Notice the layering:

  • animateTo drives each dot’s pulse — a property animation.
  • transition handles the fade in/out of the whole row when visible toggles.
  • Animator isn’t needed here. If we wanted the dots to ride a sine wave instead of a binary scale, that’s where it would come in.

Common gotchas

  • Animations don’t fire on first render. animateTo only animates changes. If you want an enter animation, use transition (or initialize state to one value and mutate to another in aboutToAppear).
  • Layout-changing properties cause reflow. Animating width is fine but expensive. Prefer scale or translate for cheap motion.
  • Don’t nest animateTo blindly. Calling animateTo inside animateTo’s closure leads to surprising behavior.
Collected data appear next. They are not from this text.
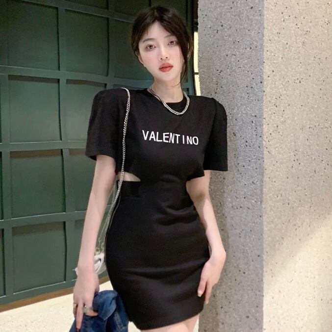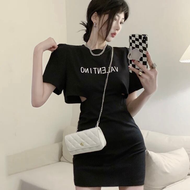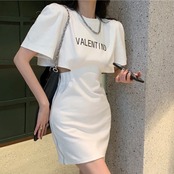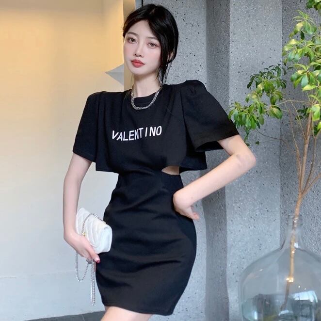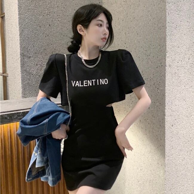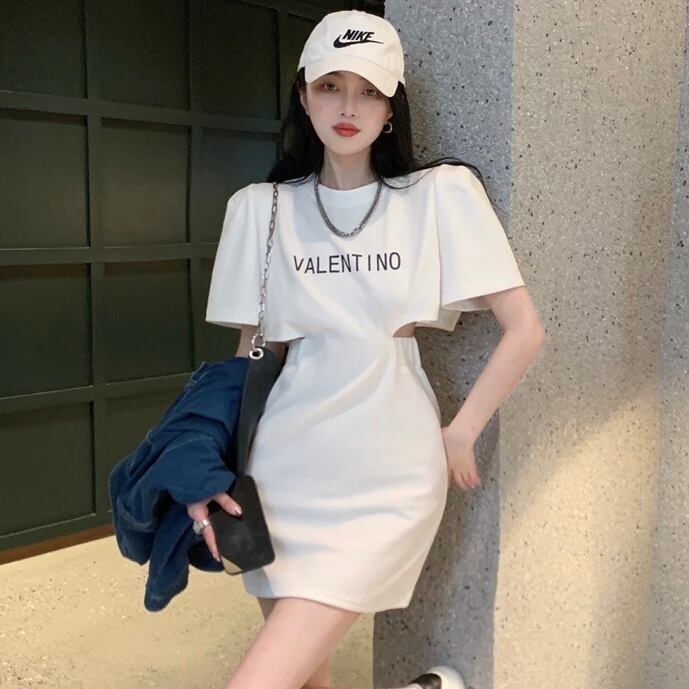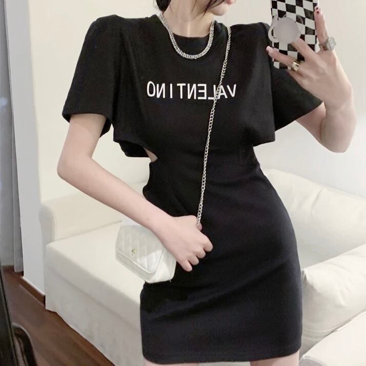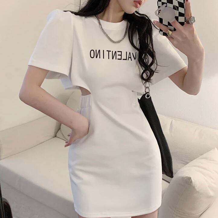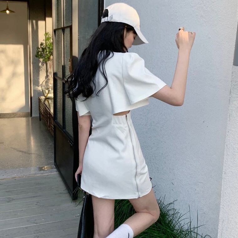 【dress】ウエストオープン半袖ワンピース2色 MA0123
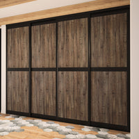 Succombez au style naturel et chic de ces portes de placard Kazed. Le contraste des matières est sublime avec les tons bois naturels et chaleureux de son décors effet Authentique brun, une traverse centrale et une finition Noir mat en aluminium qui souligne l’ensemble avec modernité.
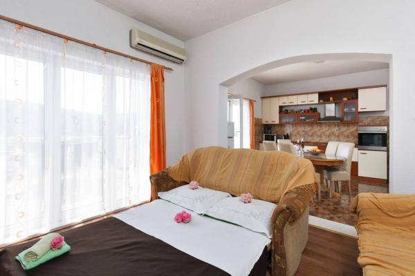 Teljesen felszerelt, modern apartman egy csendes részén a kisváros Marina Trogir mellett az Ön mindent, amire szükség van a vakáció. Az ingatlan található, 7 perc sétára a strandtól, 150m-re a városközponttól, és 40m a boltot. Trogir már csak 10 km-re, a Split és Sibenik 30 km.

Each call creates an animation context; chain them with onFinish instead.
  • onFinish doesn’t fire if the animation is interrupted. If you start a new animation that overrides the previous one’s target, the previous onFinish is dropped. Don’t rely on it for cleanup; use aboutToDisappear for cancellation.
  • Spring curves can overshoot. springMotion is gorgeous but it crosses your target value. If you’re animating opacity or anything clamped to [0,1], use EaseOut instead.

When to reach for what

You want…Use
A button to scale on tapanimateTo
A panel to slide up when showntransition(TransitionEffect.move(...))
A list item to expand smoothly when tappedanimateTo on height (or use Tween size)
A value to drive a Canvas frame-by-frameAnimator or requestAnimationFrame
Hero image animating between two pagesgeometryTransition
Physics-feel “bouncy” revealanimateTo with curves.springMotion()

Closing thought

ArkUI animation is well-designed but the surface area is wide. Pick animateTo first; only graduate to transition and Animator when animateTo clearly can’t express what you want. That order is also the order from cheapest to most expensive in terms of CPU and complexity.

If you find yourself reaching for Animator for a UI button, stop and re-read this post. It’s almost certainly the wrong tool.